Que le voici donc loin et ceci nous effare. Il diminue à vue d'oeil. Nous le
voyons rectifier sa ligne, venir par le travers à droite. Il n'est bientôt plus qu'une
petite chose blanche qu'on confond avec les .mouettes et les canards sauvages. Il n'est plus qu'un point.
Nos
yeux fatigués nous font mal, pleurent. Il a disparu et l'anxiété nous reprend.
Maintenant, ce n'est plus le ciel que nos
regards interrogent, fouillent, mais les
flots, par peur d'y voir flotter tout à coup l'homme et l'oiseau.
Que l'Angleterre est donc loin de la France! Dans la brume, ses côtes
s'estompent, grandissent, approchent
mais le vent a tourné, souffle violent
déjà de l'Ouest et nous avons peur maintenant que l'intrépide Blériot n'ait pas
atteint Douvres qui nous apparaît sombre entre ses falaises blanches.
Premier signal
Nous sommes à bord six amis de Blériot, MM. Fournier, Guyot, Maes, Robert Guérin du Matin, de
Lafreté de l'Echo de Paris et moi. Nous sommes dans l'anxiété la plus profonde. Aucun
signal ne vient de terre. C'est dimanche,
nous le savons, mais tout de même nous
pressentons l'angoisse de Mme Blériot. Mon Dieu! mon Dieu Pourvu qu'il ait
pu atterrir puisque rien ne flotte sur la
mer mauvaise. Allons! Ce n'est pas possible. Il a réussi. Il faut qu'il ait réussi.
Et, payant d'audace, l'un de nous crie:
Une bombe!
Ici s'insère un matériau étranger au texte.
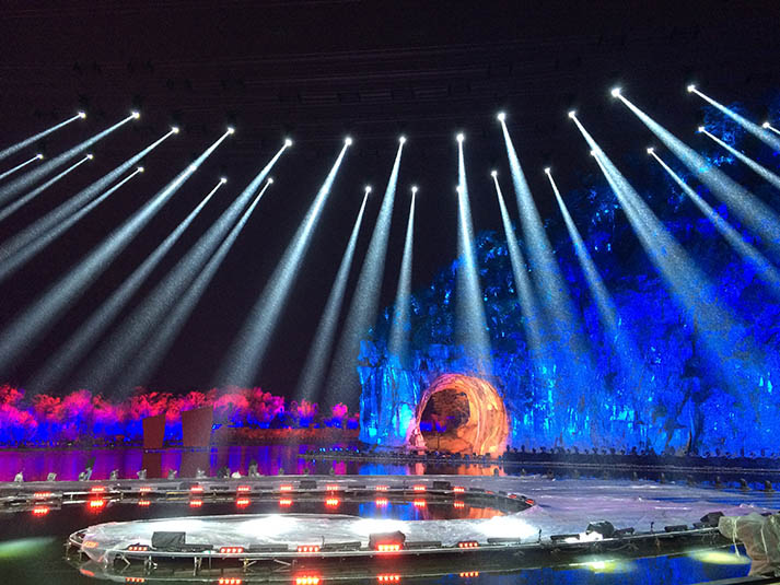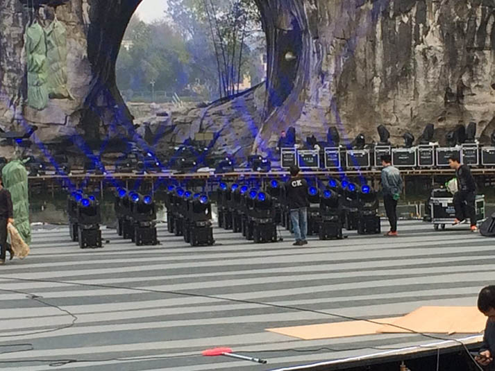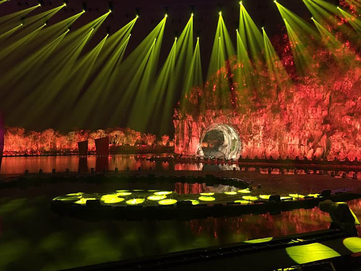浩洋電子采用內(nèi)置Philip全球首發(fā)鉑金21R光源的全新三合一電腦燈G21HYBRID,結(jié)合浩洋創(chuàng)新研發(fā)全新移動(dòng)電源挑戰(zhàn)此次高難度的舞臺(tái)燈光設(shè)計(jì),突破在水上搭建舞臺(tái)的重重困難,讓燈具首次高掛在半空,成功實(shí)現(xiàn)世界首創(chuàng)驚艷電腦燈飛行演出!為桂林分會(huì)場(chǎng)的舞臺(tái)燈光設(shè)計(jì)增添一大閃耀的關(guān)注點(diǎn)。而身處岸邊的染色燈City400擔(dān)任裝點(diǎn)象鼻山的重責(zé),將水中心的象鼻山裝點(diǎn)成一片綠意盎然的畫(huà)面。
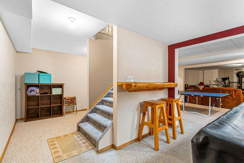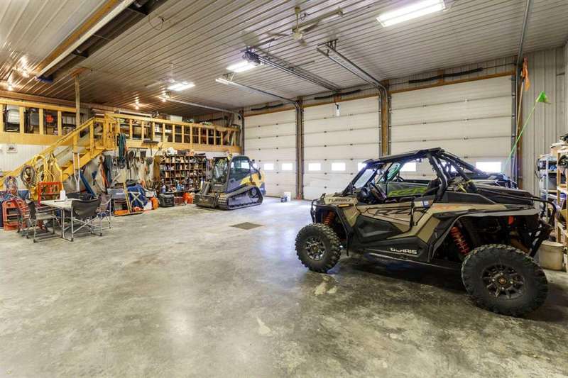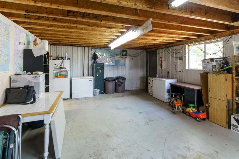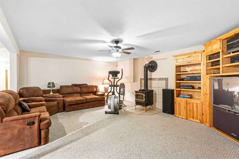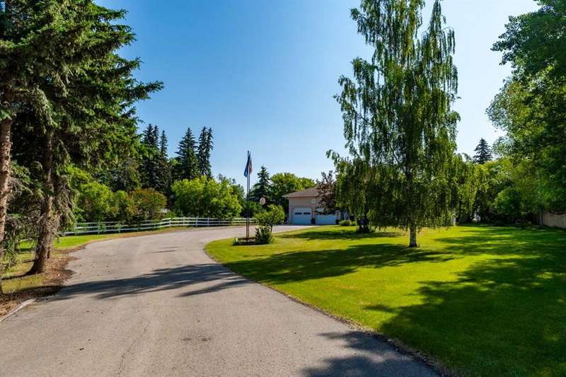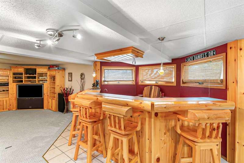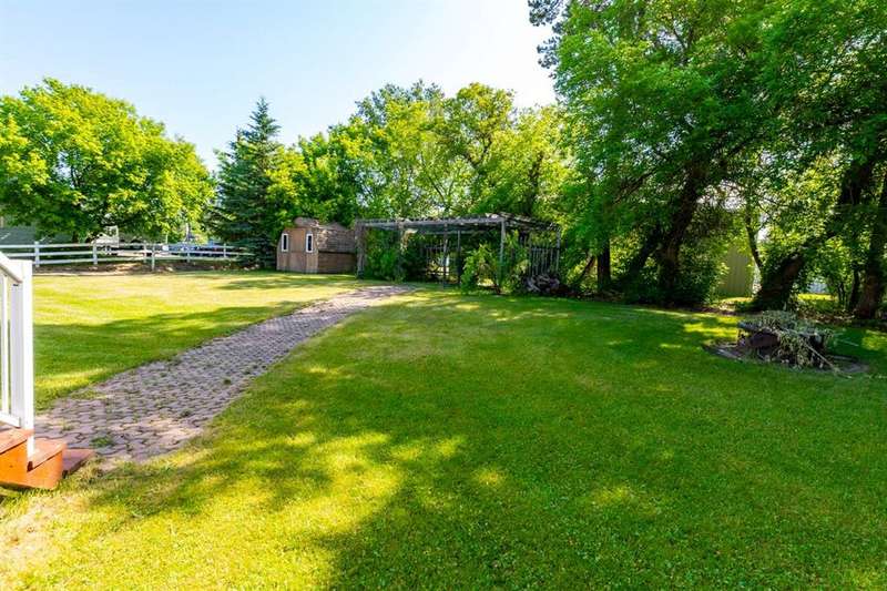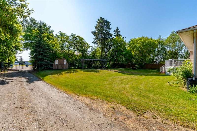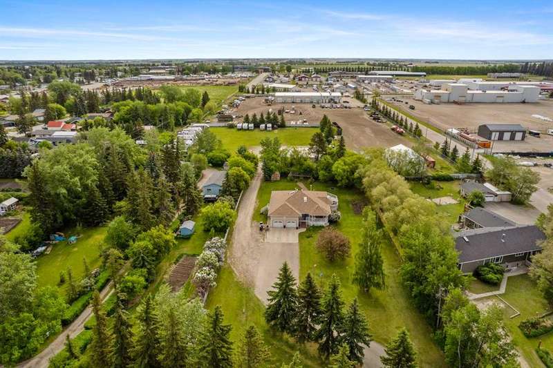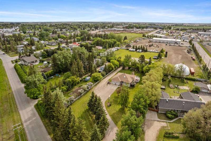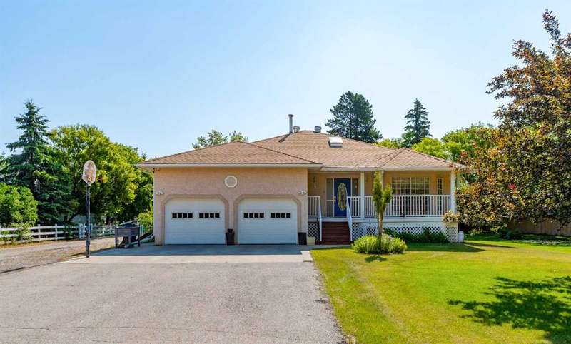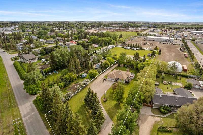 Tucked away on a spacious 2.61-acre lot within the Town of Olds, this unique property offers the privacy and freedom of country living—without giving up town services. With mature trees, a well-laid-out bungalow, and an incredible 2,496 sq.ft. (40' x 60') heated shop with an addition, this property is ideal for families, hobbyists, or anyone needing space for projects or equipment. The 1,755 sq.ft. bungalow, built in 1992, features 5 bedrooms and 3 full bathrooms, including a spacious primary suite with large closets and a 5-piece ensuite. Numerous recent updates—including new windows, updated shingles, and brand-new garage doors—offer peace of mind and curb appeal. Inside, the main level welcomes you with a sunken living room and a central kitchen outfitted with solid oak cabinetry, a large pantry, Corian countertops, and an appliance garage. A breakfast bar and cozy dining area flow into the family room with built-in shelving and a natural gas fireplace. A 4-piece bathroom, laundry area, and two additional bedrooms complete the main floor. The fully finished basement was designed for entertaining: a wet bar, games area, family room with wood stove and built-in TV center, two more large bedrooms, and another full bathroom offer plenty of space for gatherings and guests. The home is serviced by a boiler system with in-floor heat, a forced air furnace and a newer hot water tank. Step outside to your private 1.06-acre yard, surrounded by trees and fully fenced with a secure gate. The covered front porch and southeast-facing Duradeck rear deck (complete with a hot tub*) offer plenty of outdoor space to relax. Apple, plum, and lilac trees add a charming touch. At the back of the property sits a massive 40x60 heated shop, perfectly positioned on a flat, open 1.55-acre section of the lot. Three 12' wide x 14' tall overhead doors provide access, including one extended 48' bay for RV or camper storage. Inside, you'll find a concrete floor with a large sump drain, its own 100-amp service, 220V welder plug, multiple outlets, and a 16'x40' mezzanine. Below the mezzanine, a rear bay with in-floor heat and a smaller overhead door creates the perfect space for a man cave, garden tools, or a project car you’d rather keep dust-free. This hidden gem offers quiet living with pavement right to the door, tons of parking, security cameras throughout, and the freedom to run a home-based business—all within town limits and fully connected to municipal water and sewer. It’s a rare opportunity to enjoy the space of an acreage and the convenience of town living.

Regardez au-dessus
de Douvres. Une bombe! Hourra!
hourra! Il a gagné. Une bombe! Encore une bombe! Hourra! hourra!
Un défilé solennel de destroyers et de
sous-marins anglais forcent l'Escopette
à un long détour et nous voici, tout de
même et enfin, en vue du port dans lequel nous entrons bientôt, émus, prêts à
l'enthousiasme, mais aussi sous une
étrange impression d'angoisse. Les digues, les jetées, les plages de Douvres sont désertes. Le port aussi.
Nous nous pensions attendus et nous
arrivions dans une côte morte. Oh! l'effroyable émotion que nous valut l'effrayant et admirable respect anglais du
repos dominical La déchirante idée
nous vint, brutale et douloureuse, que Blériot était tombé à la mer, que nous
ne l'avions pas vu et que nous l'avions, nous, chargés de son. secours, laissé en
détresse.
Ce furent des minutes affreuses, crispées. Ne voulant pas croire à l'abominable idée, Mme Blériot attendait que
l'autorisation de l'odieuse formalité de débarquer nous fût donnée par
l'amirauté britannique pour courir aux nouvelles et soulager ou désoler à coup sûr
son pauvre coeur. La baleinière qui va
aux ordres vient d'accoster. Trois hommes courent vers le pilote de l'Escopette
que nous voyons exécuter une gigue.
Mais il pense à nous et agite avec une joie enthousiaste sa casquette.
Ouf Blériot a traversé la Manche!
Blériot nous attend en Angleterre! Blériot est sain et sauf! Blériot a triomphé!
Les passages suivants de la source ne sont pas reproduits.